Another feature of HDP 2.0 for Windows is its support of the Stinger initiative to speed up queries to Apache Hive, which is a data warehouse solution for Hadoop. Hortonworks describes Stinger as speeding up and scaling up interactive Hive queries using SQL terms. Some of the speed improvements promised by Stinger will rely on introducing an Apache Software Foundation's incubator project called "Tez," but for now Stinger aims at supporting "interactive SQL queries at petabyte scale."

A third highlight in HDP 2.0 for Windows is support for Apache HBase 0.96, which is Hadoop's nonrelational distributed storage solution. The HBase 0.96 release fixes more than 2,000 issues, according to Hortonworks' description.

It's possible to perform in-place upgrades of clusters from HDP 1.3 to HDP 2.0, according to Hortonworks. Moreover, after the upgrade, existing Hive, Pig and MapReduce jobs will be capable of running on HDP 2.0 for Windows, the company claims.

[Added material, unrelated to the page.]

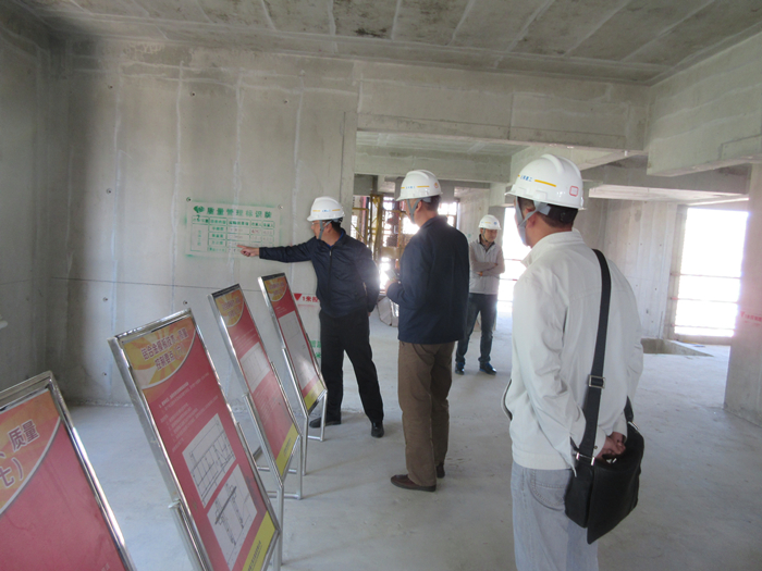 吳志鑫向彭楠一行詳細(xì)介紹了龍潤(rùn)園一期項(xiàng)目建設(shè)情況,并陪同到現(xiàn)場(chǎng)進(jìn)行了實(shí)地參觀。彭楠一行對(duì)第三直管項(xiàng)目部?jī)?yōu)良的項(xiàng)目管理和優(yōu)質(zhì)的項(xiàng)目實(shí)體質(zhì)量表示贊賞,并詢問了一些技術(shù)及管理問題,表示將進(jìn)一步加強(qiáng)交流,尋求合作。

Hortonworks and Microsoft have been long-time collaborators on enabling Apache Hadoop compatibility on Windows Server. Hadoop is an open source Apache Software Foundation product for processing large datasets across computer clusters. Much of the Hadoop work was initially pioneered at Yahoo, and some of those Yahoo team members later joined Hortonworks.

Microsoft touts the Hortonworks' HDP solution as "the industry's only 100% Apache Hadoop-based distribution for Windows." Microsoft dropped offering its own version for on-premises deployments, which was called "HDInsight Server for Windows," according to an article by veteran Microsoft watcher Mary Jo Foley. Instead, it currently offers Hadoop cloud computing capabilities via its "Windows Azure HDInsight" service.

Organizations considering moving their premises-built HDP solutions to an external datacenter can "easily" do that, according to Microsoft, and that includes Microsoft's Windows Azure service. In addition, Microsoft's Power BI for Office 365 business intelligence tools can be used with either HDP 2.0 for Windows or the Windows Azure HDInsight service.

About the Author

Kurt Mackie is senior news producer for 1105 Media's Converge360 group.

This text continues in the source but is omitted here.